§ **Given material**:
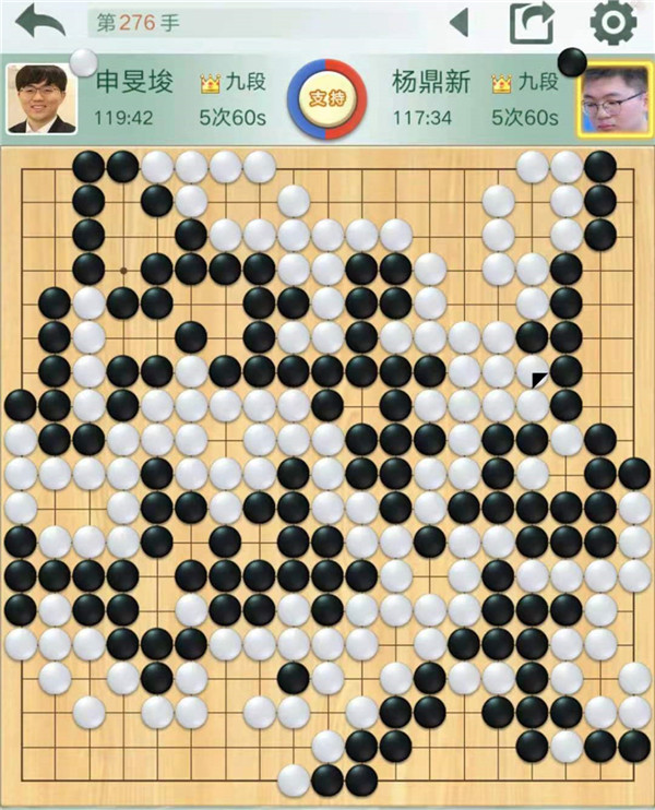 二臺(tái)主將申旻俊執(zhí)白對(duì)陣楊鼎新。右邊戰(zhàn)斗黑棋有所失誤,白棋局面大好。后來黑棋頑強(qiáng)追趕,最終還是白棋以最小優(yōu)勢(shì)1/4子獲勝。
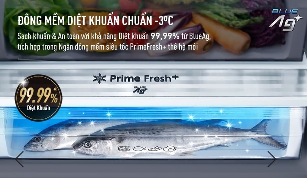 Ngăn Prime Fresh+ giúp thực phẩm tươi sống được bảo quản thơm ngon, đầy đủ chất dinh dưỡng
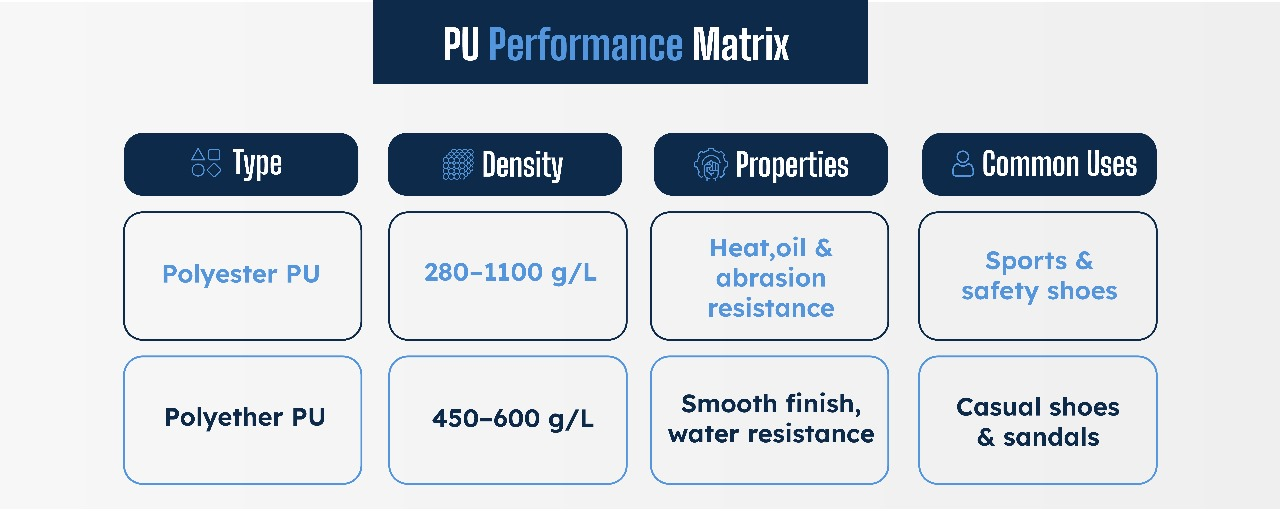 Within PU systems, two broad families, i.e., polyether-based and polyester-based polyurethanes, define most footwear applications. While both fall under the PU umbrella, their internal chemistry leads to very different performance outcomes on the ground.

§ **What this task involves**: Quote the material in full and exactly; do not carry over its pictures.

§ **Answer to this problem**:
 二臺(tái)主將申旻俊執(zhí)白對(duì)陣楊鼎新。右邊戰(zhàn)斗黑棋有所失誤,白棋局面大好。后來黑棋頑強(qiáng)追趕,最終還是白棋以最小優(yōu)勢(shì)1/4子獲勝。
 Ngăn Prime Fresh+ giúp thực phẩm tươi sống được bảo quản thơm ngon, đầy đủ chất dinh dưỡng
 Within PU systems, two broad families, i.e., polyether-based and polyester-based polyurethanes, define most footwear applications. While both fall under the PU umbrella, their internal chemistry leads to very different performance outcomes on the ground.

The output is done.